The Party's Over - Features - Atlanta Magazine
 
 
 

The Party's Over

Fear of AIDS is changing sex in Atlanta. And the panic grows.

The tiny dance floor is packed. Guitar riffs flash like lightning from amplifiers three feet above the crush of swaying, sweating dancers. In the men's room, a couple is clumsily trying to have sex standing in the toilet stall next to the overflowing urinal. "Put it there," slurs the dark-haired woman to her obviously smashed partner. Outside, a tourist visiting from Toronto meets an attractive, well-educated woman, a chemist, she tells him. Half an hour later, they are having oral sex in the parking lot alongside someone's parked van. He couldn't remember her name. — Friday night at Carlos McGee's, July 1981

In the men's room, Michael, the valet, is dispensing condoms along with towels and cologne. He keeps them out of sight under the sink. 'I’ve handed out two boxes since Thursday, " he says. Outside, tanned, trim and elegantly dressed young people circle each other like mating peacocks. But behind the familiar ritual, there is a new and troubling uncertainty — a fear that disease and painful death may lurk just a kiss away. Just a kiss away. — Friday night at élan, July 1987

Photography by Kurt Fisher/Bed: Innovations

They sat there, two sultry orchids in the perfumed hothouse that is elan on a busy night. Donna, auburn-haired and full of figure, wore a clingy, purple dress; she had lived in New York and New Orleans before moving to Atlanta. Cindy was every Northern boy's dream of a Southern girl, sparkly blue eyes and feathered blond hair, a cheerleader's body sheathed in a tight turquoise dress set off by matching spike-heeled shoes. They were savvy and sassy, career-oriented, open and funny, the kind of women married guys convince themselves don't exist – and single guys hesitate to approach. Women who make otherwise sane and settled men want to send the wife and kids off to visit her folks in Knoxville.

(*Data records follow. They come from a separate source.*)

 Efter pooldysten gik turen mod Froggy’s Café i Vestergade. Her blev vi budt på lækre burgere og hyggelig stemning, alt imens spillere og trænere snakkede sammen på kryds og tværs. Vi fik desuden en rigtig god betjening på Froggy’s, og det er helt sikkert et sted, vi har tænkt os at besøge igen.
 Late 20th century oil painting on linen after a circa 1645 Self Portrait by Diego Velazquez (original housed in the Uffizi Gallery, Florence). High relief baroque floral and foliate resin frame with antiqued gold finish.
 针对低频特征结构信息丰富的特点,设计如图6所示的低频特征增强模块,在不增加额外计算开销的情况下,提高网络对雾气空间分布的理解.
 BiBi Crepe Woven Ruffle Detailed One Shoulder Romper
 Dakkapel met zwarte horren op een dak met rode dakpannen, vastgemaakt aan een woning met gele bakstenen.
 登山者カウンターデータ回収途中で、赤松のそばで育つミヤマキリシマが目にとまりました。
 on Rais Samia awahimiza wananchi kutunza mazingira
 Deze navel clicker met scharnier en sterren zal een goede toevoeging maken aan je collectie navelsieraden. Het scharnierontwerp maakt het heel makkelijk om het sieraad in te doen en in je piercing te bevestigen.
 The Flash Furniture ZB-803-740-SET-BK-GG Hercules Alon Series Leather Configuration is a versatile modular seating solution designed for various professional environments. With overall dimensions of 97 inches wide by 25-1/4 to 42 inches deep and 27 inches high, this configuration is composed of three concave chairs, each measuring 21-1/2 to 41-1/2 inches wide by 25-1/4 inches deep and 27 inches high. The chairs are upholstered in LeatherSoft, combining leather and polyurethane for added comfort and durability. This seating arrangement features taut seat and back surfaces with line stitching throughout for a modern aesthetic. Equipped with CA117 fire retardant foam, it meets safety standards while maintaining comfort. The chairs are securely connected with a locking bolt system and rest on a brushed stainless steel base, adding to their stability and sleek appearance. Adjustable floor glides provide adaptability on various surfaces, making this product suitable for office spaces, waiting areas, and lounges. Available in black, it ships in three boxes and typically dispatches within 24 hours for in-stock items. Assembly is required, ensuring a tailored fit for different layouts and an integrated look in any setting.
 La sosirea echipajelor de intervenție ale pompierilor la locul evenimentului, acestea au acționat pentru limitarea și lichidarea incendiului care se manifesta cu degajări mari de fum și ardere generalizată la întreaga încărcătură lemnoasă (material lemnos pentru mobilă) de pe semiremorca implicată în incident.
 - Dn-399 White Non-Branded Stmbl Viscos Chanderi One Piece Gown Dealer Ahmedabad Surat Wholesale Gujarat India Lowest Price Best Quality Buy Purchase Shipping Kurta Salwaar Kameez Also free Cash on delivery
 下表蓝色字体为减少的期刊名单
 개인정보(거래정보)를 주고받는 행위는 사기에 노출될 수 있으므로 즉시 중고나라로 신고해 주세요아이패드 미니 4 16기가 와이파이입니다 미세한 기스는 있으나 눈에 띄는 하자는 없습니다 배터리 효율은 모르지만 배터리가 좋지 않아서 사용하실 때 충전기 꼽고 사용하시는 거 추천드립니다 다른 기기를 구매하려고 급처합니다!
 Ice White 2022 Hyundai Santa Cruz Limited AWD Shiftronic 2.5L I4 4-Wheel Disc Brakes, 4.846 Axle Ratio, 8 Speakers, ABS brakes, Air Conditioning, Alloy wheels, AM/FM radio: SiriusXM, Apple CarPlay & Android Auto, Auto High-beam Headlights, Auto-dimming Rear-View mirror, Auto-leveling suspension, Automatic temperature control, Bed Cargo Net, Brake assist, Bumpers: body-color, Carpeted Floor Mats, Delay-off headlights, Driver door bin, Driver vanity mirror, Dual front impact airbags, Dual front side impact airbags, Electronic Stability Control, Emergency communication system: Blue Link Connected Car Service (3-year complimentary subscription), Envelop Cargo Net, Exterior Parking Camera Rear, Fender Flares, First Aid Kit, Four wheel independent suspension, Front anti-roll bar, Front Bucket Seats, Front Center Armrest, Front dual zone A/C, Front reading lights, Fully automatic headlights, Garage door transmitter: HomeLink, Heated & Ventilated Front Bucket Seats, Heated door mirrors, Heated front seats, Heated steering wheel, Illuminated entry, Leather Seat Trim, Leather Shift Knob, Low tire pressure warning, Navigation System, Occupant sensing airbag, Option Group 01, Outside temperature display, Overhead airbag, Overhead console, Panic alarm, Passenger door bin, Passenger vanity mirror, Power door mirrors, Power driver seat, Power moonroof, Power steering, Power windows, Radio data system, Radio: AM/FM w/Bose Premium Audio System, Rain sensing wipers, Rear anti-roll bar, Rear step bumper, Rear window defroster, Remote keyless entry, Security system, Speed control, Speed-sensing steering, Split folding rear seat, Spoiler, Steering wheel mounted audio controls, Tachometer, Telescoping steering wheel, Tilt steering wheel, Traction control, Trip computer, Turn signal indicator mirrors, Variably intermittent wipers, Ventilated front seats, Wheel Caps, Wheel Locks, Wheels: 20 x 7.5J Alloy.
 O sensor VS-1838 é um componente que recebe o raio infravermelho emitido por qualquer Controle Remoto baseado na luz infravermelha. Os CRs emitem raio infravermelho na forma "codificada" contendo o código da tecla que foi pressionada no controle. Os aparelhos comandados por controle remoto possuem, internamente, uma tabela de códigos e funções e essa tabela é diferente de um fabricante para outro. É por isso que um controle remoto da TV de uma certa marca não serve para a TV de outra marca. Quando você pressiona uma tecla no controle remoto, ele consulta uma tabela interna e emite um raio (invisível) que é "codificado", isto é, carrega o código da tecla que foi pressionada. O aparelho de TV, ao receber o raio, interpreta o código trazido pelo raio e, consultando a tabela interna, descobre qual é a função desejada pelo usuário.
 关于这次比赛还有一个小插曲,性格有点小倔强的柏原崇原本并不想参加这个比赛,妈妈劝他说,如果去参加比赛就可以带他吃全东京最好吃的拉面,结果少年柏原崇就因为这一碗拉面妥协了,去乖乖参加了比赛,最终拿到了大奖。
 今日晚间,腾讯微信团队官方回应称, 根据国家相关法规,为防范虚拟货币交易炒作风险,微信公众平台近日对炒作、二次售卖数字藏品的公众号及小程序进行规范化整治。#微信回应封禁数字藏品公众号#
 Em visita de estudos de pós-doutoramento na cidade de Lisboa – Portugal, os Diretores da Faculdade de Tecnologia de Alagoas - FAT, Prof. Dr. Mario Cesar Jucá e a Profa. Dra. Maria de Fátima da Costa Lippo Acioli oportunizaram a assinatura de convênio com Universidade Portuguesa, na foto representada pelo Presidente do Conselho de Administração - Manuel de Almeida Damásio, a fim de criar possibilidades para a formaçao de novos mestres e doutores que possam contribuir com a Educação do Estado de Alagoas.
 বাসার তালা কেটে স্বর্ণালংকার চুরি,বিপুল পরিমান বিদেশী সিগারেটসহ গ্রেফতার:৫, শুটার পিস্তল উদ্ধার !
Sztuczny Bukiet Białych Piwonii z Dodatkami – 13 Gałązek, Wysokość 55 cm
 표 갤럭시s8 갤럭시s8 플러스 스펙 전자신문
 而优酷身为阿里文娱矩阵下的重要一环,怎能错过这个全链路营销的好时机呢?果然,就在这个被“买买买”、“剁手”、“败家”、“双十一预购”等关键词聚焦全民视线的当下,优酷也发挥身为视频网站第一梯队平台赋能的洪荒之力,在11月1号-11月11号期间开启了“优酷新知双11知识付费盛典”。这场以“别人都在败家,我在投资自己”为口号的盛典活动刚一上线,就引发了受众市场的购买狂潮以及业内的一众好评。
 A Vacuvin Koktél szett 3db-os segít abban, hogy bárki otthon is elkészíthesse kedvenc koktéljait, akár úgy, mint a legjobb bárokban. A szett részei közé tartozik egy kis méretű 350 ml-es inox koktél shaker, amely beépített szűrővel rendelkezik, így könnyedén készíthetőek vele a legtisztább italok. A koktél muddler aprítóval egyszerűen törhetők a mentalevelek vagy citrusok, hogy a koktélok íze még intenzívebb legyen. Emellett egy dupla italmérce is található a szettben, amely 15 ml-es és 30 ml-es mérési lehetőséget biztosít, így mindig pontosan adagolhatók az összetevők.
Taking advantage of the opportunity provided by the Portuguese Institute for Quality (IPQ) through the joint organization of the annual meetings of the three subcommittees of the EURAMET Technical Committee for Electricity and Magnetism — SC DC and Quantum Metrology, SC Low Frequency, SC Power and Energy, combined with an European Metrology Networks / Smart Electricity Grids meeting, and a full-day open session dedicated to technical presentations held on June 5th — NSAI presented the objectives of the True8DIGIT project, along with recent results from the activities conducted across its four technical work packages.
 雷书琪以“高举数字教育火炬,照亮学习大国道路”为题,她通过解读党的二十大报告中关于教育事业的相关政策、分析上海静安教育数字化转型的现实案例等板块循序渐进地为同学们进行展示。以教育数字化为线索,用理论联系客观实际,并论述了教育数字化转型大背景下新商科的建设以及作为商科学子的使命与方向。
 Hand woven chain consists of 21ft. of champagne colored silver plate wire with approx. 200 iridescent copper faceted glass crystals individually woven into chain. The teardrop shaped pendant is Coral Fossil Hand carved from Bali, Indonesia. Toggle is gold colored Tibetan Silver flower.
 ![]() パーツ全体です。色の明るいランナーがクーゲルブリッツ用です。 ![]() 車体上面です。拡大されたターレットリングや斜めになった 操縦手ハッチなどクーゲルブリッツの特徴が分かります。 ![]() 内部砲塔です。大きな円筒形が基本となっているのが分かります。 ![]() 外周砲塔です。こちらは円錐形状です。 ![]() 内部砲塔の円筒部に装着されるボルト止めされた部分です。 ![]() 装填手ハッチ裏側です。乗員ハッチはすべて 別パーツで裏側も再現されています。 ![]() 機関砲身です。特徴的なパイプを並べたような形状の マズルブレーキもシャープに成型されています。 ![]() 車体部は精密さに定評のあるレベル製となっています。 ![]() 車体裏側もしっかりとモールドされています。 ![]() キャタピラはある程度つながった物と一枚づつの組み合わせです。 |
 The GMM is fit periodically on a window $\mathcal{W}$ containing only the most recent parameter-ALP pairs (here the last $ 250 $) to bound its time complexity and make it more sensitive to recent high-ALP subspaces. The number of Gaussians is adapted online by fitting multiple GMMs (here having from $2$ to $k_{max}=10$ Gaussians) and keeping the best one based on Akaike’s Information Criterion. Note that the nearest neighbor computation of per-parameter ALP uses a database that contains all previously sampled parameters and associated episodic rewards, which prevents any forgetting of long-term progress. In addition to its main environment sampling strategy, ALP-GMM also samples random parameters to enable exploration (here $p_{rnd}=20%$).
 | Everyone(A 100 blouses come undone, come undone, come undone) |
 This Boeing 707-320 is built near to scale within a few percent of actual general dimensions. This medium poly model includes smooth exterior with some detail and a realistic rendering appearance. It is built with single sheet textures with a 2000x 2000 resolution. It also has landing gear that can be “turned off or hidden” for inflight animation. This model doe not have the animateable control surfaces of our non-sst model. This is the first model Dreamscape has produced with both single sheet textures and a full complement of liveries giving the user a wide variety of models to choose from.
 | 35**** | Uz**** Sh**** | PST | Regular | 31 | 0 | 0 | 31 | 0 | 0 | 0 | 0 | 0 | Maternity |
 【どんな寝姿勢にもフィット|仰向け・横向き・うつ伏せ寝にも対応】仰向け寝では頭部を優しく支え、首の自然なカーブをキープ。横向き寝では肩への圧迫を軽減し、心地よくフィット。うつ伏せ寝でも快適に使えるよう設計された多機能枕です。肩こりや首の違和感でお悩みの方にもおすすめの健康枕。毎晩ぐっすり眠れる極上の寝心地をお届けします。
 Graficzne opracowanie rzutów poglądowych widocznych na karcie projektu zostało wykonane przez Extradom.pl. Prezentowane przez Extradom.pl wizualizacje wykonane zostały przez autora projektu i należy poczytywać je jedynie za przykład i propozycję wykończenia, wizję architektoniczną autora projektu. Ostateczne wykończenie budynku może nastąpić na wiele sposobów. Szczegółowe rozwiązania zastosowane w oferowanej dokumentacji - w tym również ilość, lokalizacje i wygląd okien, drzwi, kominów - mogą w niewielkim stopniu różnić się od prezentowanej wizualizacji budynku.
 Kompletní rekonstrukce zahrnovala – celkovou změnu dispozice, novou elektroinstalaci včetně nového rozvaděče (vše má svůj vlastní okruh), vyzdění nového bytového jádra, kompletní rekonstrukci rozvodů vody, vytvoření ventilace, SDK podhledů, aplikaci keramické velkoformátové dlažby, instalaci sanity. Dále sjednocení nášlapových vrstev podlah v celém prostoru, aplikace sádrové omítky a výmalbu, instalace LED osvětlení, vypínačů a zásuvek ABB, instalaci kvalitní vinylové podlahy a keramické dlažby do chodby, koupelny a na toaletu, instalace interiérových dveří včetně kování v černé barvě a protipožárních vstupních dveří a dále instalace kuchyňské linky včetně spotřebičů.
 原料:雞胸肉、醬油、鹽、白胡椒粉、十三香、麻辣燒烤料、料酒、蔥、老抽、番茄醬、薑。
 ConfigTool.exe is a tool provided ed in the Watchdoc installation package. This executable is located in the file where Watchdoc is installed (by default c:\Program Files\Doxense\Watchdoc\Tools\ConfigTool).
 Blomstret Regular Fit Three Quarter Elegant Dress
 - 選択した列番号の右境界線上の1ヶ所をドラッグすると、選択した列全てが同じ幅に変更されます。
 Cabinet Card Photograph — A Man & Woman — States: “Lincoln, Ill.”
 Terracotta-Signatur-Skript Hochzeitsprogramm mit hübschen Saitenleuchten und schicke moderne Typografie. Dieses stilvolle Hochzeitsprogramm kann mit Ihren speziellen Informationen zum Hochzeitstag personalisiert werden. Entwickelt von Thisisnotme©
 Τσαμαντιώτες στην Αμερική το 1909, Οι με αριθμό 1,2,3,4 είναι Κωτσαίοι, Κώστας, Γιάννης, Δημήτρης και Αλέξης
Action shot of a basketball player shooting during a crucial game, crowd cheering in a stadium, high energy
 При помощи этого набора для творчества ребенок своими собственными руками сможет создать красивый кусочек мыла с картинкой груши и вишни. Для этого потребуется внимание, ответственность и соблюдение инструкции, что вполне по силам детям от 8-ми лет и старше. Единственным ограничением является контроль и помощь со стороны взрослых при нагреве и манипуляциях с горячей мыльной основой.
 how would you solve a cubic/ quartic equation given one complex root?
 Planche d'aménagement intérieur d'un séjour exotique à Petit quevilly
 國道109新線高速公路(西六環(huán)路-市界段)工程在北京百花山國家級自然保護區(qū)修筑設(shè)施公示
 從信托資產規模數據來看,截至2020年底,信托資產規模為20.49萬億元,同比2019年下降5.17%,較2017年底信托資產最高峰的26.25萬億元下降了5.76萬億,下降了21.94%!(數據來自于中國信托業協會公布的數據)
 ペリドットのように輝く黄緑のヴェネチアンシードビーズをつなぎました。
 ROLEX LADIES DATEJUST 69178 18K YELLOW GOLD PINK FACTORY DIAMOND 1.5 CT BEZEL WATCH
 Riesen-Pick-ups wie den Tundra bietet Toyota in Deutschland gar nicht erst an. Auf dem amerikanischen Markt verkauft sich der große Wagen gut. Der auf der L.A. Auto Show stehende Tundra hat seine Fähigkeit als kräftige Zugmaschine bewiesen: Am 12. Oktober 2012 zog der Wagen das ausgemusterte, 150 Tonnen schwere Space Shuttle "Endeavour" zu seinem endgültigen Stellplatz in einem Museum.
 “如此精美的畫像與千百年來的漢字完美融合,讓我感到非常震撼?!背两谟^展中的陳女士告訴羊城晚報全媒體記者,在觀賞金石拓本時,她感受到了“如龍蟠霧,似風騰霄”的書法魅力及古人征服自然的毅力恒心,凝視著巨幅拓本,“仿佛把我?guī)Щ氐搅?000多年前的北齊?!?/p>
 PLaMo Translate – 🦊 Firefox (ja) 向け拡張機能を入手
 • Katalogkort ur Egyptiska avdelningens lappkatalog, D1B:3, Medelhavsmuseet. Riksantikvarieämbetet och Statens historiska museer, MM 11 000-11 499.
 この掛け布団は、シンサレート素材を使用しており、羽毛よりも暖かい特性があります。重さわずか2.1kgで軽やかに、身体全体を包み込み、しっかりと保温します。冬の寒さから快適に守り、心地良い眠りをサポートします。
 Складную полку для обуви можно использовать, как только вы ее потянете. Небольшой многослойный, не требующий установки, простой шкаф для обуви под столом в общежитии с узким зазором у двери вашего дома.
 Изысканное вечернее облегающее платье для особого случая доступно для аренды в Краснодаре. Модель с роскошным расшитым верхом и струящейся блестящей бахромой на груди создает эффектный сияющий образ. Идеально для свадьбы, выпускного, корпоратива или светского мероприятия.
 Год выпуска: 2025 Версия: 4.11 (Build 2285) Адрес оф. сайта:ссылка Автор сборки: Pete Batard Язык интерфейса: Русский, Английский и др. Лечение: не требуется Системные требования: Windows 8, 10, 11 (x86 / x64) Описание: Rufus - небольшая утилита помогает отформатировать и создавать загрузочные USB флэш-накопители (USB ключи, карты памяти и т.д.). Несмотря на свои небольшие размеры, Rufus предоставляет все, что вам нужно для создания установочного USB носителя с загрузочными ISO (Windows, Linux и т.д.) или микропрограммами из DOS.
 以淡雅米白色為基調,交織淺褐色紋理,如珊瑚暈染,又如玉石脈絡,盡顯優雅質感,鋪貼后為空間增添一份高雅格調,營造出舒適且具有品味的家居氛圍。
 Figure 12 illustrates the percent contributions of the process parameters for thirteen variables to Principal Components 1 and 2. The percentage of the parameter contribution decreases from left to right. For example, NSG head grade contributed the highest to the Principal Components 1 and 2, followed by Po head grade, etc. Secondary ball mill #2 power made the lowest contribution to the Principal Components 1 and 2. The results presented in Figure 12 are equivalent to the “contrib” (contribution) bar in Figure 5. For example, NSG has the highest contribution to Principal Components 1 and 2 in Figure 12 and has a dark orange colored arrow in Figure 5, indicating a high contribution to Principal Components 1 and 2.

Both were recently divorced; neither was involved in a relationship. Work filled their days, but loneliness nibbled at the edges of their lives. They had come, they said, to dance and have a few drinks, to ease the tensions of the job and the burdens of single parenthood. They had come, driven like so many of us, in the hope of meeting that special someone. That hope seemed more distant and fragile than ever. There was hesitation in their eyes and a nervousness behind their smiles. They looked past the schools of slick-haired and Armani-attired predators who circled their table looking for an opening.

They were frightened to death of AIDS.

The fear might be groundless – the deadly epidemic does not appear to be moving rapidly into the general population — but it is real. It is threatening the nonstop party that has been underway in At1anta for the past 20 years. The lines may be as long as ever outside the Buckhead bars, and the after-hours action as frantic, but the last thought after the last drink on the couch is no longer, "Will he respect me in the morning?" 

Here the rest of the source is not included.